Despite repeated and sustained efforts, Mr. Sweeney had only marginal success communicating with Mr. Roos, and no success whatsoever in determining the reason for the unpaid invoices. Mr. Sweeney thus directed his inquiries to IDC managers Cathleen DeCosta and Don Podesla, who informed him that Mr. Roos was the sole individual authorized to "make decisions" and "sign checks." The record in this Court is bereft of any defense explanation or justification for non-payment of the outstanding balance. Moreover, there is no evidence that Mr. Roos ever complained about or challenged the nature or extent of the services rendered. Mr. Roos also failed to appear as a witness during the pertinent hearings to furnish any opposing evidence.
The defense did, however, present the testimony of IDC's Chief Financial Officer, Tucker Coffin, as well as IDC's Assistant Director of Operations, Cathleen DeCosta. Mr. Coffin explained that Mr. Roos is Defendant's sole shareholder and the company's only individual authorized to sign IDC checks. Since Mr. Roos travels frequently, the parties had an arrangement whereby Mr. Coffin would send prepared checks to Mr. Roos' locale where Mr. Roos would sign them and "overnight" them back to Newport.
When this routine method was employed with reference to the remaining checks representing payment to Plaintiff, the checks were returned unsigned to Mr. Coffin without any explanation for the omission.
Ms. DeCosta was offered basically to explain the workings of various IDC entities and IDC's relationship to "Clambakes." Unlike Mr. Coffin, she had no personal knowledge of IDC's difficulties with payments to various vendors, including utility providers. When asked if she had any information whatsoever as to why Plaintiff was not paid, Ms. DeCosta replied "you would have to ask Mr. Roos."
Thus, it is clear that neither the Chief Financial Officer, Mr. Coffin, nor the Assistant Director of Operations, Ms. DeCosta, were accorded any discretion or authority concerning the invoices in controversy.
This Court is compelled to conclude, based upon the convincing, credible evidence, as well as the absence of contradictory evidence, that Plaintiff law firm will, in all probability, obtain a judgment in its favor.
Furthermore, the anomalies in the Defendant's accounting system, combined with the largely inchoate income potential which may be realized by the Defendant, establish a definite need for security.
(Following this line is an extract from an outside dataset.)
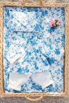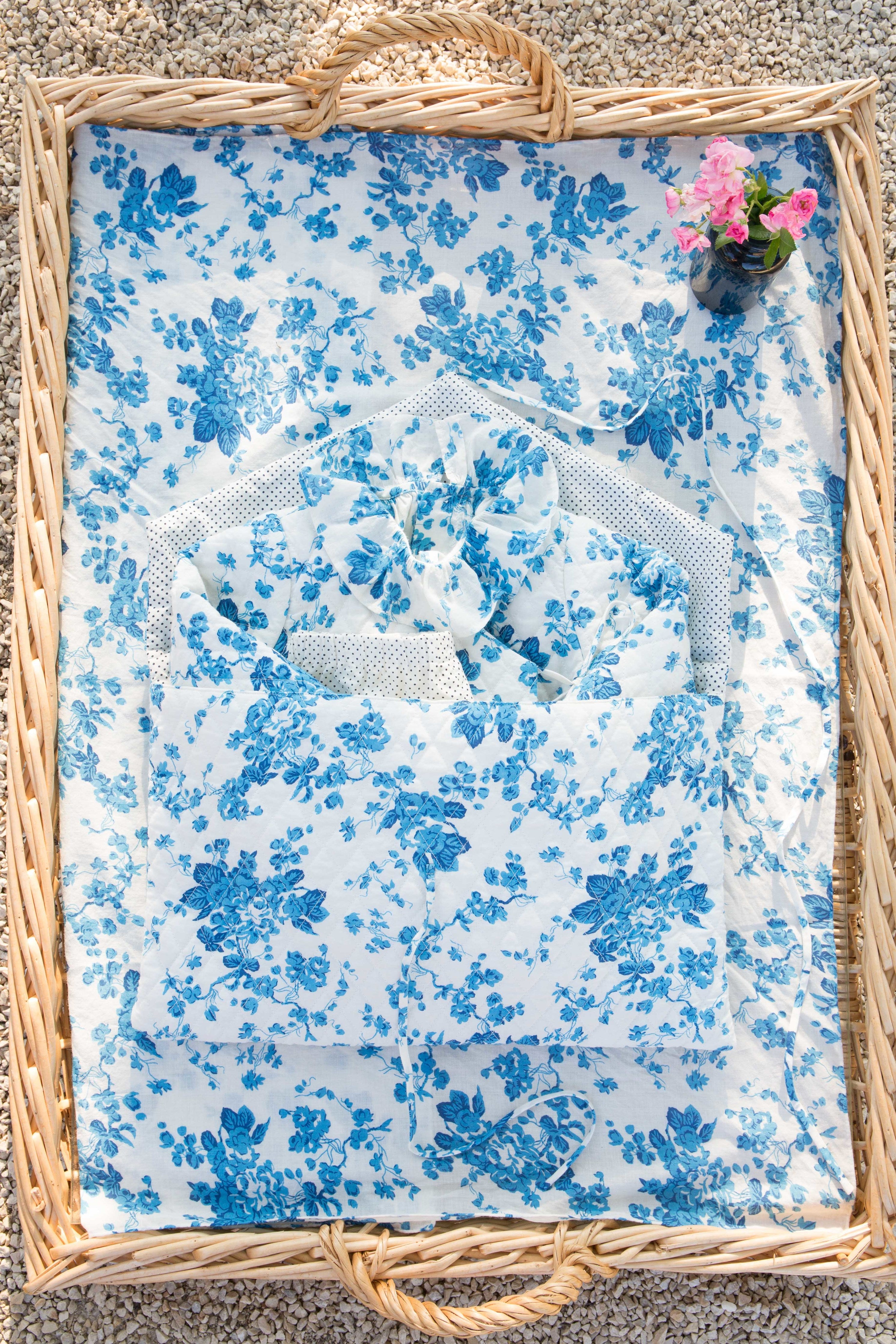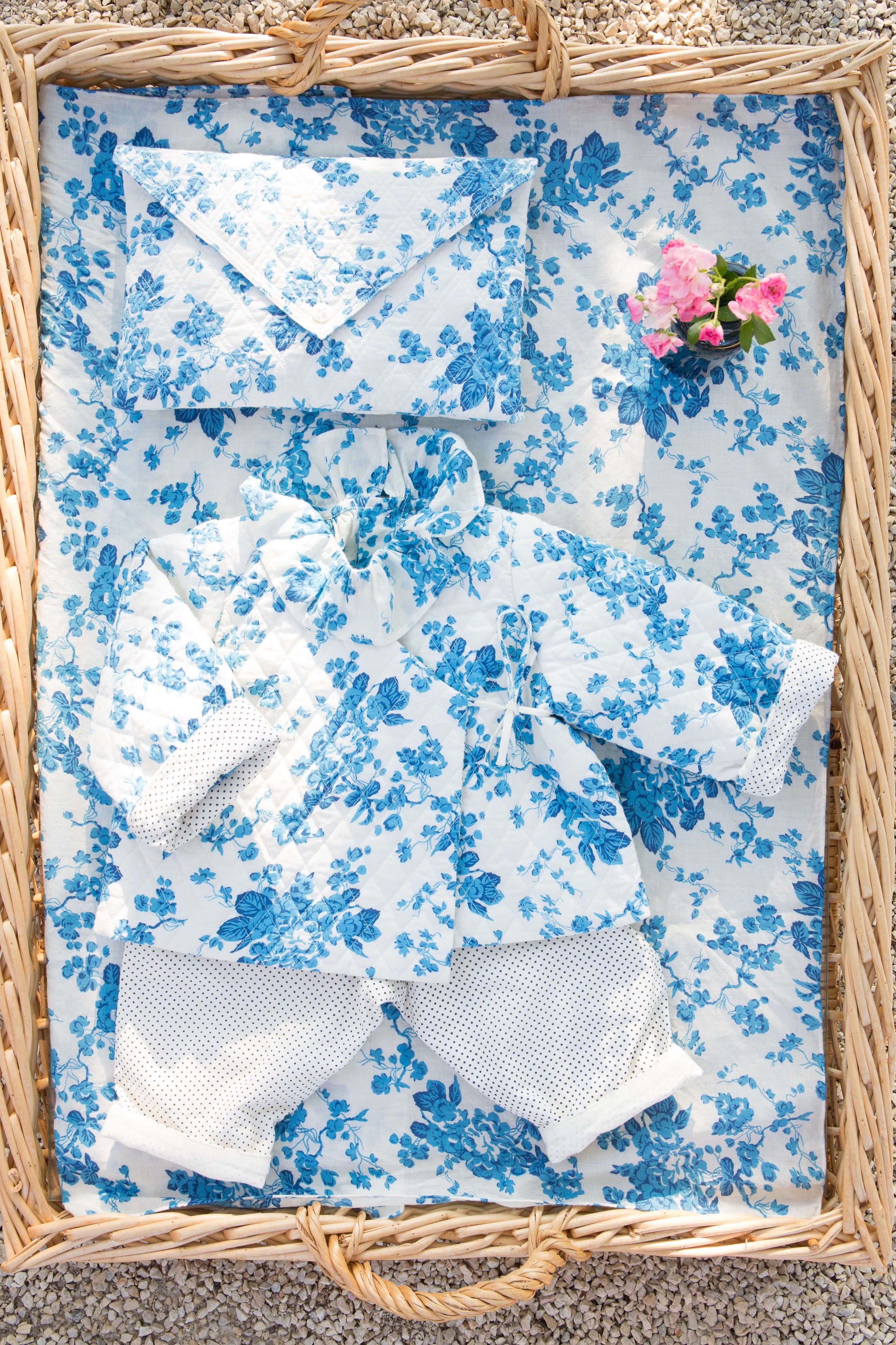 - The baby set contains: a quilted cotton pouch, a quilted cotton kimono jacket, cotton voile pants, a cotton voile blouse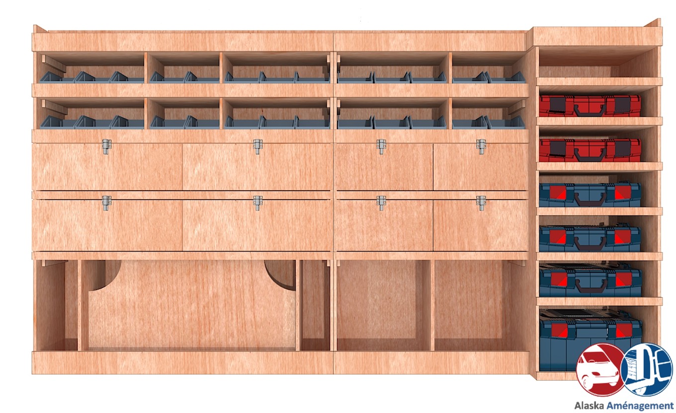 Ce meuble de rangement KRMG002-N (pour le latéral « Gauche » de votre véhicule) offre une solution de stockage polyvalente et fonctionnelle avec six niveaux de stockage. Il comprend des étagères pour bacs à bec, des clapets basculants, et un module spécifique pour les mallettes d’électroportatif. Une étagère supérieure est conçue pour les objets longs. Son fond arrière intégré assure la rigidité et protège la carrosserie du véhicule, évitant un habillage supplémentaire. Le meuble est disponible en contreplaqué brut ou filmé.

The Court is also mindful that Defendant's principal, in whom singular authority is reposed regarding the satisfaction of invoices, elected to be absent from these proceedings when offered multiple opportunities for explication of the arrearage. Thus, the Court grants Plaintiffs motion for a prejudgment attachment in the amount requested, $219,752.05 against the property of the Defendant.
Plaintiffs counsel shall prepare an order conforming to this Decision.